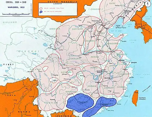 Ved at flytte hovedstaden til Nanjing havde Chiang sikret sig i sin magtbase, hvilken fuldendtes ved Nordøst Flag-udskiftningen og den kinesiske genforening i 1928. Flere krigsherrer blev ikke slået med valgte at samarbejde med den nye nationale regering, hvilket siden skulle give Chiang problemer. Feng Yuxiang og Yan Xishan gjorde oprør i 1930 under krigen på de centrale sletter. Mod nordvest udbrød Xinjiang-krigene, der varede fra 1931 til 1937. Chiang måtte nedkæmpe Fujian-oprøret i 1933-1934. Zhang Xueliang tog del i Xi'an-hændelsen i 1936. Dertil kom utallige mindre krigsherrer, banditter, militante etniske mindretal samt kommunisterne, der virkede i landdistrikterne og fjerne yderkanter. KMT selv var plaget af indre fraktionsdannelser, hvor forskellige indflydelsesrige ledere som Wang Jing-wei og Hu Han-min gjorde oprør mod Chiang. Chiangs faktiske magt var mindre uden for provinserne omkring Jiangsu. Kort og godt: Krigsherre-tiden blev egentlig ikke afsluttet men fik en ny fremtoning. Alle kliker gjorde nu brug af Zhongshan-uniformen og havde partimedlemsskab, hvorved de var KMT-forbundne. Først efter afslutningen af den kinesiske borgerkrig i 1950 oplevede landet noget, der mindede om en fælles, forenet regering i lighed med tiden før 1915.
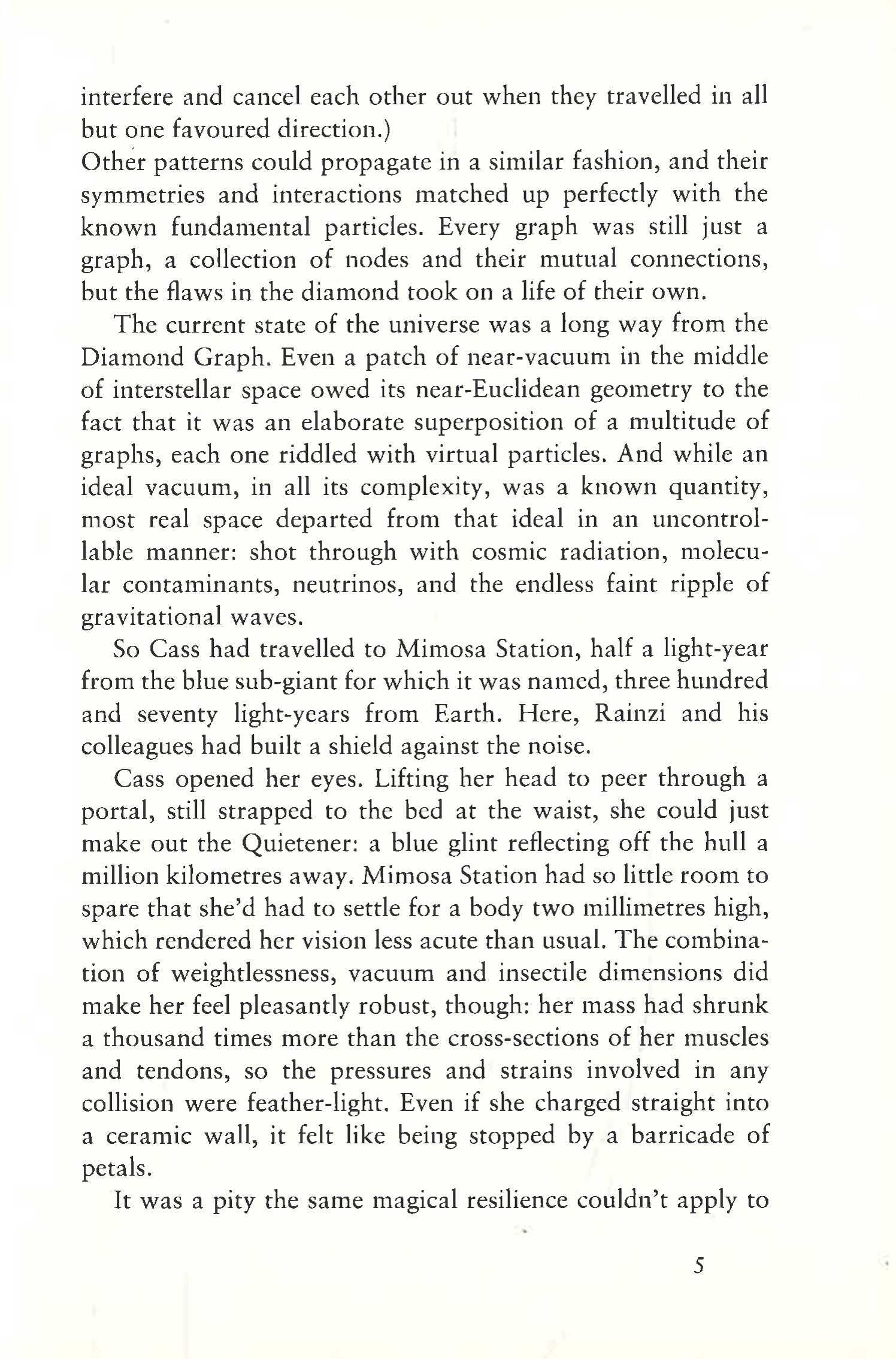 Cass has stumbled on something that might be an entirely different type of physics, and she's travelled three hundred and fifty light-years to Mimosa Station, a remote experimental facility, to test her theory. The novo-vacuum she creates is predicted to begin decaying the instant it's created, but even so short-lived a microscopic speck could shed new light on the origins of the universe.
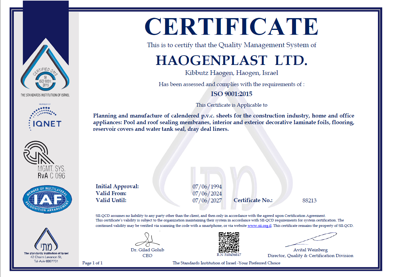 By aligning with these rigorous international standards, Haogenplast guarantees that every product you receive is the result of science, ethics, and precision working together – reinforced PVC membranes that protect the environment, elevate design, and last beautifully over time.
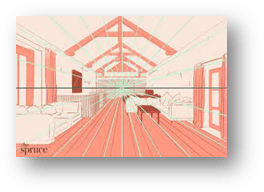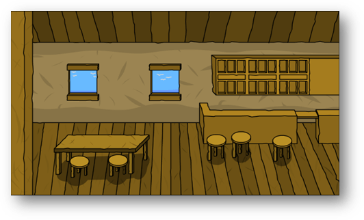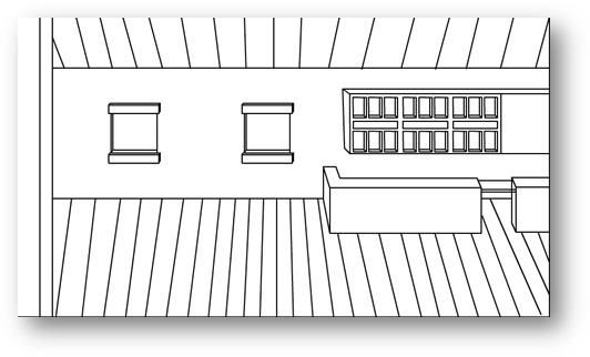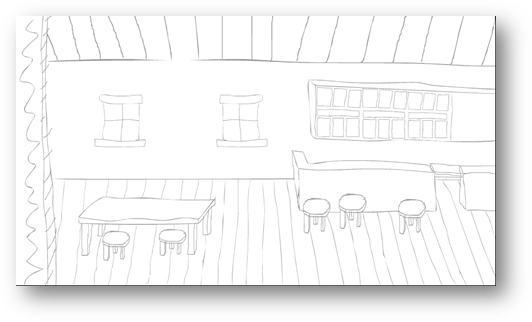 ⬆️ This sketch is a good starting point for the level design. I tried to create a 3D perspective effect using the floorboards and roofing. I used these images below as reference points, although I could have used them better. I have found that perspective is a difficult effect to create, especially if you are working with objects that are not aligned perfectly – for example, the table.
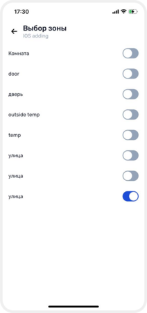 Управление охраной — выберите зону, которую будет ставить/снимать этот ключ
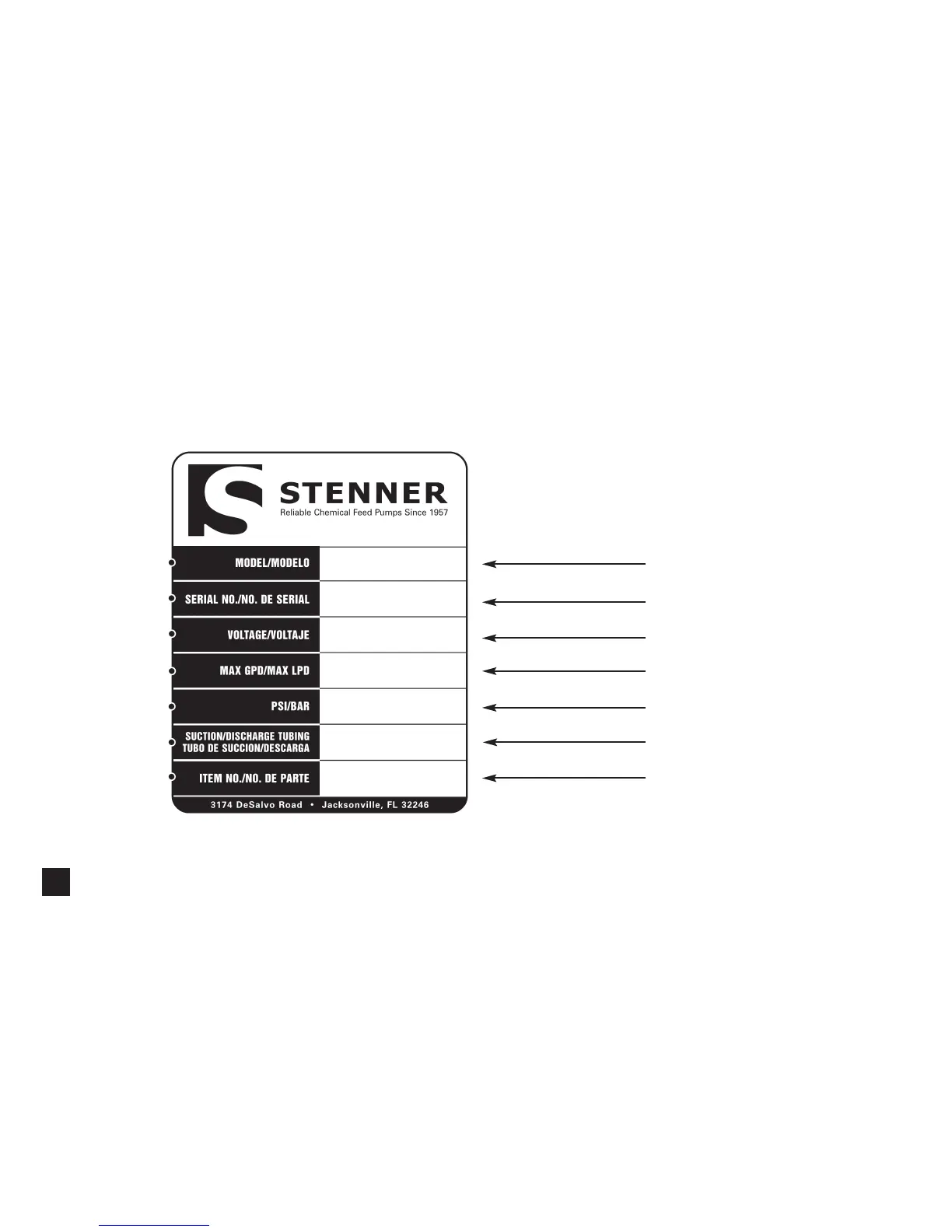 Stenner 45MHP2 - Pump Identification; Box Label Details

GOAL OF THE EXERCISE: Above are the records. Copy exactly, and only, the lines from the line containing "Cass has stumbled" through the last one, omitting any pictures.

WRITTEN ANSWER:
 Cass has stumbled on something that might be an entirely different type of physics, and she's travelled three hundred and fifty light-years to Mimosa Station, a remote experimental facility, to test her theory. The novo-vacuum she creates is predicted to begin decaying the instant it's created, but even so short-lived a microscopic speck could shed new light on the origins of the universe.
 By aligning with these rigorous international standards, Haogenplast guarantees that every product you receive is the result of science, ethics, and precision working together – reinforced PVC membranes that protect the environment, elevate design, and last beautifully over time.
 ⬆️ This sketch is a good starting point for the level design. I tried to create a 3D perspective effect using the floorboards and roofing. I used these images below as reference points, although I could have used them better. I have found that perspective is a difficult effect to create, especially if you are working with objects that are not aligned perfectly – for example, the table.
 Управление охраной — выберите зону, которую будет ставить/снимать этот ключ
 Stenner 45MHP2 - Pump Identification; Box Label Details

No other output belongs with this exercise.